- [Exercise requirements]
Only the pictures should be left out; write out all other data exactly.

- [Recorded data]
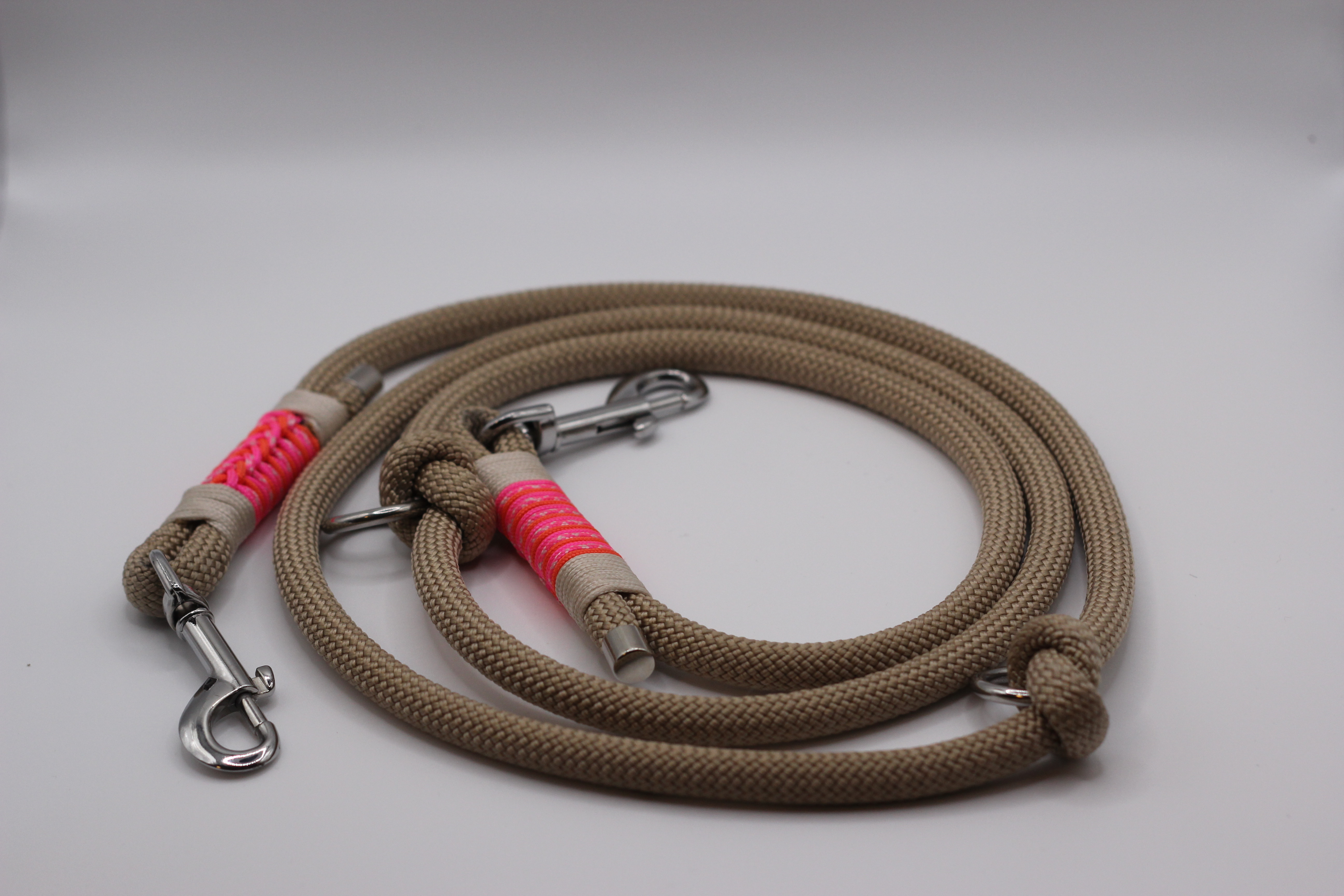 Die „Desert Flame“-Leine vereint natürliche Zurückhaltung mit feurigen Akzenten. Das warme Beige erinnert an Sand und Natur, während Neonpink und Neonorange wie kleine Flammen hervorstechen und für einen modernen, auffälligen Look sorgen.
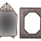 Lote compuesto por espejo de sobremesa y portarretratos, ambos con marco de plata. S. XX
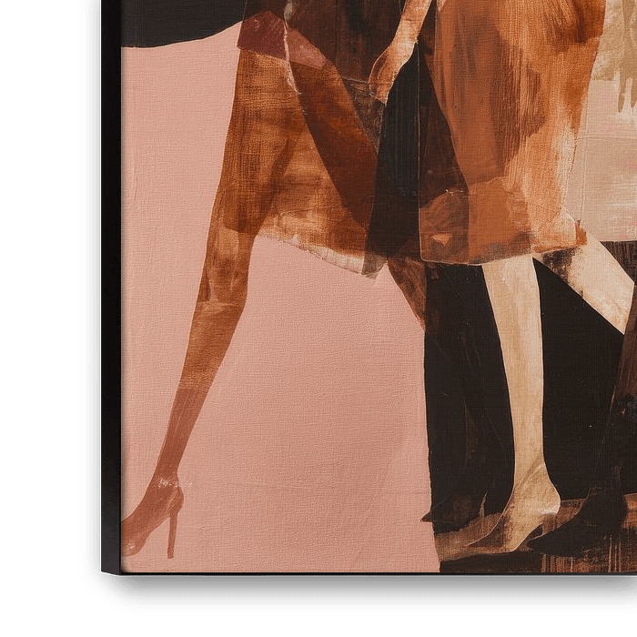 Die warmen Töne von Terrakotta, Nude und Tiefbraun vermitteln Ruhe und Stärke zugleich, während die abstrakten Pinselstriche ein Gefühl der Bewegung hervorrufen - als kämen sie direkt vom Laufsteg.
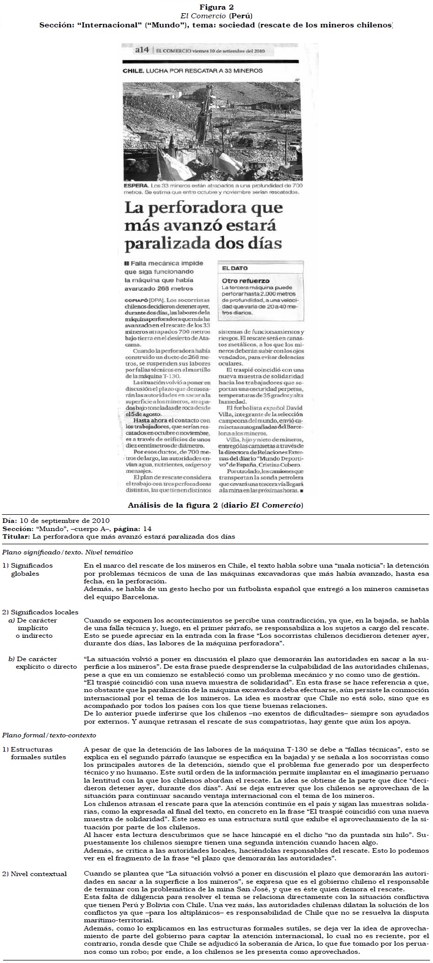 1) Sección "Internacional"; tema: sociedad (rescate de los mineros chilenos). Como ya se mencionó, dada la contingencia informativa, la mayor cantidad de noticias publicadas en el diario peruano fueron las que trataban sobre el rescate de los mineros atrapados tras el derrumbe de la mina San José, en la región de Atacama, en Chile. Del total de 17 informaciones publicadas por el medio peruano, 14 se relacionan con este tema (82 por ciento del total de noticias analizables). Una de las notas que permitió ver la construcción del imaginario de los chilenos como poco honestos es la que se refiere a uno de los mineros atrapados, Jhonny Barrios, y su relación simultánea con dos mujeres. A pesar de ello, Barrios es reconocido por las autoridades chilenas: "Esa función ha sido valorada por el propio ministro de Salud, Jaime Mañalich, quien lo considera como un gran aliado" (El Comercio, 3 de septiembre de 2010). Es de gran relevancia destacar que la cita anterior alude al rol de enfermero que desempeñó este minero pero, al mismo tiempo -al mencionar esta información al final de la noticia-, orienta al lector hacia una reflexión sobre la real confianza que se le da, porque si se hubiese querido resaltar los aspectos positivos de Barrios sólo se hablaría de su rol de enfermero, aunque en gran parte se comenta su infidelidad.
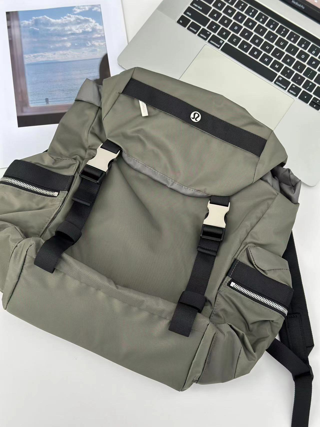 【Lululemon Wunderlust 14瑜伽健身书包运动休闲户外双肩背包】 设计理念: 日程满满的一天,正需要这款收纳空间充足的背包;开口处抽绳设计,方便取放物品,搭配卡扣闭合,安全封闭。 面料+特点: ✅ 面料不易被水沾湿 ✅侧面口袋设计,方便存取水壶和小物品 外侧拉链口袋 ✅外侧夹层可放置 16" 笔记本电脑 ✅外侧可调节环形绑带,可固定瑜伽垫或外套 ✅杆套设计,可固定于行李箱拉杆 ✅内侧口袋可分开存放汗湿衣物,规整有序 功能+版型: ✅尺寸: 25.5cm x 14cm x 35.5cm
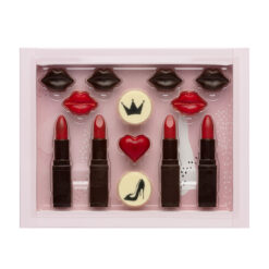 A playful product made to give. The packaging includes decorated figures in the shape of a lipstick, lips and heart as well as a chocolate decorated with crown and shoe symbols.
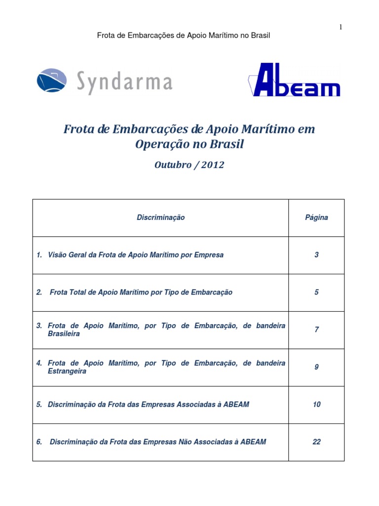 O presente relatrio retrata o perfil da frota de Apoio Martimo no Brasil, posio de Outubro de 2012. Os dados foram obtidos junto a ANTAQ, DPC, publicaes especializadas e informaes das empresas. As embarcaes encontram-se discriminadas por empresa, por tipo / classe e por bandeira (brasileira ou estrangeira). Para efeito de registro, no foram consideradas embarcaes com porte inferior a 100 TPB e BHP inferior a 1.000, alm das embarcaes de menor porte caracterizadas como lanchas. Cabe tambm registrar que conceituamos como empresa, o grupo empresarial como um todo. Significa dizer que para efeito de caracterizao de empresa associada ABEAM, por exemplo, basta que apenas uma filial do grupo empresarial esteja associada.
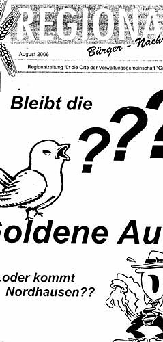 Im nichtöffentlichen Teil der heutigen Sitzung des Hauptausschusses wird den Stadträten der Entwurf zum Eingemeindungsvertrag mit den Gemeinden Urbach und Görsbach vorgestellt. Während die Eingemeindung von Rodishain und Stempeda weitestgehend geräuschlos über die kommunalpolitische Bühne gehen wird, ist das in der Goldenen Aue nicht der Fall. Morgen sollen in einer Einwohnerversammlung die Bürger von Görsbach ihre Meinung sagen. Vertreter der Stadtverwaltung Nordhausen werden ihrerseits die Argumente für eine Eingemeindung darlegen. Es wird da auch gesagt werden, dass nicht die Stadt Nordhausen auf Einkaufstour war, sondern dass die beiden Orte sich eine Option für Nordhausen offen ließen.So ist es auch in den Regionalen Bürgernachrichten der Goldenen Aue zu lesen. In einem Beitrag widmet sich das Kreistagsmitglied Maik Schröter (CDU) dem Abwanderungswillen von Görsbach und Urbach und macht auf die Offerten der Rolandstadt aufmerksam. Die Stadt Nordhausen hat natürlich an Görsbach und Urbach verlockende Angebote unterbreitet. Nur ist es rechtlich nicht haltbar und politisch nicht vertretbar, Ortsteile einer Stadt mit unterschiedlichen Steuersätzen zu belegen, schreibt Schröter.

- [Task response]
 Die „Desert Flame“-Leine vereint natürliche Zurückhaltung mit feurigen Akzenten. Das warme Beige erinnert an Sand und Natur, während Neonpink und Neonorange wie kleine Flammen hervorstechen und für einen modernen, auffälligen Look sorgen.
 Lote compuesto por espejo de sobremesa y portarretratos, ambos con marco de plata. S. XX
 Die warmen Töne von Terrakotta, Nude und Tiefbraun vermitteln Ruhe und Stärke zugleich, während die abstrakten Pinselstriche ein Gefühl der Bewegung hervorrufen - als kämen sie direkt vom Laufsteg.
 1) Sección "Internacional"; tema: sociedad (rescate de los mineros chilenos). Como ya se mencionó, dada la contingencia informativa, la mayor cantidad de noticias publicadas en el diario peruano fueron las que trataban sobre el rescate de los mineros atrapados tras el derrumbe de la mina San José, en la región de Atacama, en Chile. Del total de 17 informaciones publicadas por el medio peruano, 14 se relacionan con este tema (82 por ciento del total de noticias analizables). Una de las notas que permitió ver la construcción del imaginario de los chilenos como poco honestos es la que se refiere a uno de los mineros atrapados, Jhonny Barrios, y su relación simultánea con dos mujeres. A pesar de ello, Barrios es reconocido por las autoridades chilenas: "Esa función ha sido valorada por el propio ministro de Salud, Jaime Mañalich, quien lo considera como un gran aliado" (El Comercio, 3 de septiembre de 2010). Es de gran relevancia destacar que la cita anterior alude al rol de enfermero que desempeñó este minero pero, al mismo tiempo -al mencionar esta información al final de la noticia-, orienta al lector hacia una reflexión sobre la real confianza que se le da, porque si se hubiese querido resaltar los aspectos positivos de Barrios sólo se hablaría de su rol de enfermero, aunque en gran parte se comenta su infidelidad.
 【Lululemon Wunderlust 14瑜伽健身书包运动休闲户外双肩背包】 设计理念: 日程满满的一天,正需要这款收纳空间充足的背包;开口处抽绳设计,方便取放物品,搭配卡扣闭合,安全封闭。 面料+特点: ✅ 面料不易被水沾湿 ✅侧面口袋设计,方便存取水壶和小物品 外侧拉链口袋 ✅外侧夹层可放置 16" 笔记本电脑 ✅外侧可调节环形绑带,可固定瑜伽垫或外套 ✅杆套设计,可固定于行李箱拉杆 ✅内侧口袋可分开存放汗湿衣物,规整有序 功能+版型: ✅尺寸: 25.5cm x 14cm x 35.5cm
 A playful product made to give. The packaging includes decorated figures in the shape of a lipstick, lips and heart as well as a chocolate decorated with crown and shoe symbols.
 O presente relatrio retrata o perfil da frota de Apoio Martimo no Brasil, posio de Outubro de 2012. Os dados foram obtidos junto a ANTAQ, DPC, publicaes especializadas e informaes das empresas. As embarcaes encontram-se discriminadas por empresa, por tipo / classe e por bandeira (brasileira ou estrangeira). Para efeito de registro, no foram consideradas embarcaes com porte inferior a 100 TPB e BHP inferior a 1.000, alm das embarcaes de menor porte caracterizadas como lanchas. Cabe tambm registrar que conceituamos como empresa, o grupo empresarial como um todo. Significa dizer que para efeito de caracterizao de empresa associada ABEAM, por exemplo, basta que apenas uma filial do grupo empresarial esteja associada.
 Im nichtöffentlichen Teil der heutigen Sitzung des Hauptausschusses wird den Stadträten der Entwurf zum Eingemeindungsvertrag mit den Gemeinden Urbach und Görsbach vorgestellt. Während die Eingemeindung von Rodishain und Stempeda weitestgehend geräuschlos über die kommunalpolitische Bühne gehen wird, ist das in der Goldenen Aue nicht der Fall. Morgen sollen in einer Einwohnerversammlung die Bürger von Görsbach ihre Meinung sagen. Vertreter der Stadtverwaltung Nordhausen werden ihrerseits die Argumente für eine Eingemeindung darlegen. Es wird da auch gesagt werden, dass nicht die Stadt Nordhausen auf Einkaufstour war, sondern dass die beiden Orte sich eine Option für Nordhausen offen ließen.So ist es auch in den Regionalen Bürgernachrichten der Goldenen Aue zu lesen. In einem Beitrag widmet sich das Kreistagsmitglied Maik Schröter (CDU) dem Abwanderungswillen von Görsbach und Urbach und macht auf die Offerten der Rolandstadt aufmerksam. Die Stadt Nordhausen hat natürlich an Görsbach und Urbach verlockende Angebote unterbreitet. Nur ist es rechtlich nicht haltbar und politisch nicht vertretbar, Ortsteile einer Stadt mit unterschiedlichen Steuersätzen zu belegen, schreibt Schröter.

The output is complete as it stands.